Apple recently confirmed that Samsung’s Texas plant will supply chips for its iPhones and other products, further strengthening Samsung’s U.S. manufacturing footprint. Following these developments, Samsung’s shares rose 2.6%, while SK Hynix’s shares gained 0.6%, mirroring broader market trends.

Neither company commented on the tariff discussion.

Samsung unveils slimmer foldable phones to counter Chinese rivals and boost AI leadership

Samsung Electronics on Wednesday revealed thinner and lighter foldable smartphones as it seeks to defend its premium segment against growing Chinese competition from Huawei and Honor, while Apple has yet to enter this niche market.

Having lost its global smartphone crown to Apple in 2023, Samsung is pushing to regain momentum by integrating AI features into its foldable devices. Mobile President and COO Choi Won-joon highlighted foldables combined with AI as poised to go mainstream, offering users a unique and differentiated experience. Samsung aims to lead in AI-powered smartphones by collaborating with partners like Google, contrasting Apple’s in-house AI approach that has faced delays.

Alongside the foldables, Samsung launched its first smartwatches featuring Google’s AI voice assistant Gemini, which offers personalized recommendations such as running locations.

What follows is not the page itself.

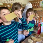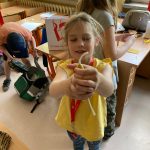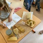 Po powrocie z warsztatów , kontynuowaliśmy zabawy związane z tym dniem. Dzieci nauczyły się robić świeczką z węzy, robiły przestrzenne pszczółki.

Samsung’s premium strategy continues amid U.S. tariffs that could raise costs. The new Galaxy Z Fold 7 is 10% lighter and 26% thinner than the Fold 6 and priced 5% higher at $1,999. The Galaxy Z Flip 7 FE offers a more affordable option at $899. The Fold 7 uses Qualcomm’s Snapdragon 8 Elite chip, while the Flip 7 runs on Samsung’s own Exynos processors.

Analysts say the new models address bulkiness concerns and strengthen Samsung’s premium brand image. However, foldables remain niche with just 1.5% market share globally. Research firm Canalys expects foldable shipments to stay flat or slightly decline in 2025, with Samsung’s foldables accounting for 4% of total phone sales but 16% of sales over $800. Samsung’s dominance is challenged by strong Chinese sales, especially in China.

Samsung will focus foldable sales on the U.S., Europe, and South Korea. The company is also developing a tri-fold phone to launch by year-end, allowing users to fold the device three ways.

To prepare for U.S. tariffs, Samsung accelerated production and shipments destined for the U.S., manufacturing primarily in Vietnam, South Korea, and India. It is also mitigating China’s rare earth export restrictions by diversifying suppliers and increasing internal stockpiles.